FDA unclear on link between Novartis' MS drug Gilenya, patient deaths
Monday, May 14 2012 | Comments
The Food and Drug Administration
said it could not definitively conclude that Novartis Pharmaceutical Corp.
's multiple sclerosis (MS) treatment Gilenya (fingolimod) was connected with the deaths of any patients who took the drug.
The agency issued a statement after completing its review of a report of a patient who died last December within 24 hours after taking the first dose of Gilenya.
The cause of death could not be determined based on information that was available when Novartis first reported the case in April. At the time, Novartis said the patient had developed progressive multifocal leukoencephalopathy (PML), adding that the patient had undergone approximately 3.5 years of treatment with Biogen Idec Inc.

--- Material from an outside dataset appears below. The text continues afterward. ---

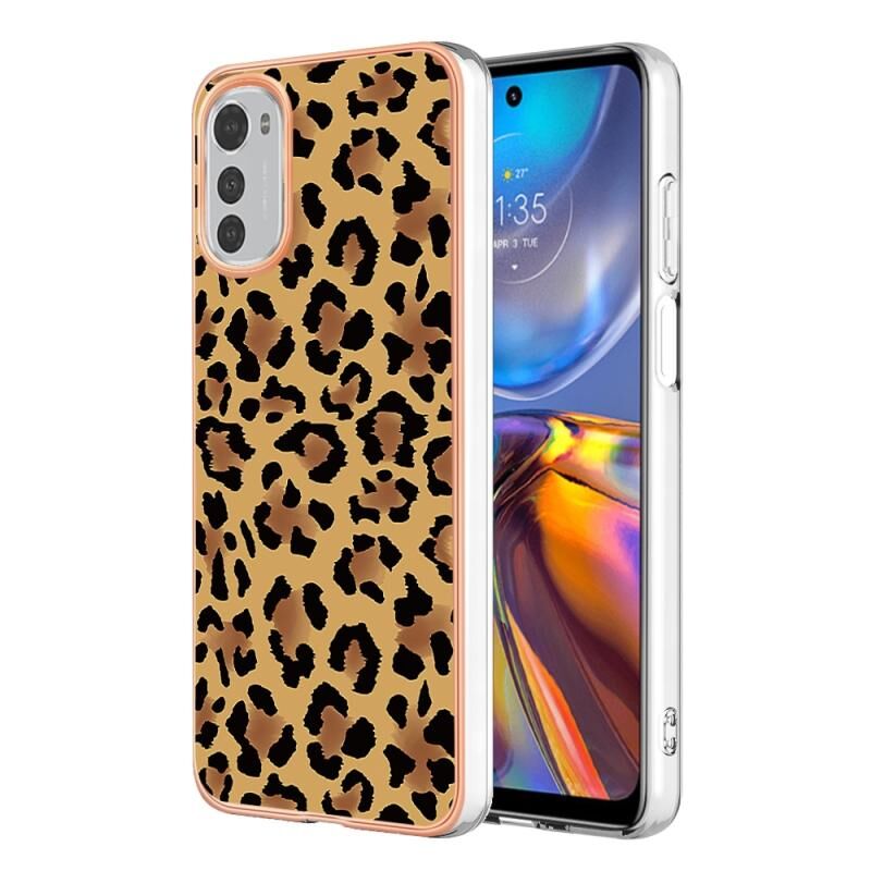 Θήκη τηλεφώνου για Motorola Moto E32 4G / E32S με ηλεκτρολυτική επιμετάλλωση, σχέδιο μάρμαρου, διπλής όψης IMD (εκτύπωση εντός καλουπιού) (εκτύπωση λεοπάρδαλης)

and Elan Pharmaceuticals Inc.
's Tysabri (natalizumab) before initiating treatment with Gilenya and had tested positive for the John Cunningham virus (JCV) antibody. Long-term use of Tysabri (i.e., for more than two years) is a recognized risk factor for PML, as is JCV-positive antibody status.
The FDA also described the patient as having extensive brainstem MS lesions, noting that such lesions have been associated with sudden death. Further, the patient had been taking two blood pressure drugs, and the FDA said the role of those drugs in the death is unknown.
The agency re-evaluated trial data related to the effects of Gilenya on heart rate and blood pressure, including data from trials that were ongoing when the drug was approved. It also recently evaluated postmarketing data for Gilenya, including reports of patients who died from cardiovascular events or unknown causes. "For each of these deaths, Gilenya's contribution to the death was unclear," the FDA remarked.
Although the FDA said it could not definitively conclude that Gilenya was tied to any of the deaths, the regulatory agency said it remains concerned about the cardiovascular effects of Gilenya after the first dose.
"In light of the findings of the clinical trial data and postmarketing data, including all reported deaths of cardiovascular or unknown origin, [the] FDA has revised the Gilenya drug label with specific recommendations for monitoring patients and with new contraindications for use of Gilenya in certain patients," the agency wrote in a statement.
The FDA had already updated Gilenya's label in April to advise that Gilenya is contraindicated in patients with a history or presence of certain cardiac conditions, including myocardial infarction or stroke in the previous six months, second- and third-degree atrioventricular block and other serious cardiac rhythm disturbances, and in patients treated with certain antiarrhythmic drugs.
The label also indicates that all patients who start treatment with Gilenya have an electrocardiogram (ECG) before receiving the first dose of the drug and after the six-hour first-dose observation period, in addition to hourly measurement of blood pressure and heart rate. The label further provides specific initiation guidance for patients to better aid health care providers.
The FDA is now also recommending that the time of cardiovascular monitoring be extended beyond six hours in patients who are at higher risk for or who may not tolerate bradycardia. Extended monitoring should include continuous ECG monitoring that continues overnight, the agency added.
Gilenya was approved in September 2010, making it the first oral MS treatment to gain FDA approval. Gilenya is indicated for the first-line treatment of patients with relapsing forms of MS to reduce relapses and delay disability progression.
The FDA approved Gilenya with a risk evaluation and mitigation strategy, and Novartis is required to conduct a postmarketing safety study, which the firm noted would last five years. When the drug was approved, the FDA said upon initiation of treatment with Gilenya, patients should be monitored for a decrease in heart rate, and Novartis said this adverse effect would generally be most pronounced during the first six hours after the initial dose and that the heart rate should return to normal after the first month of treatment.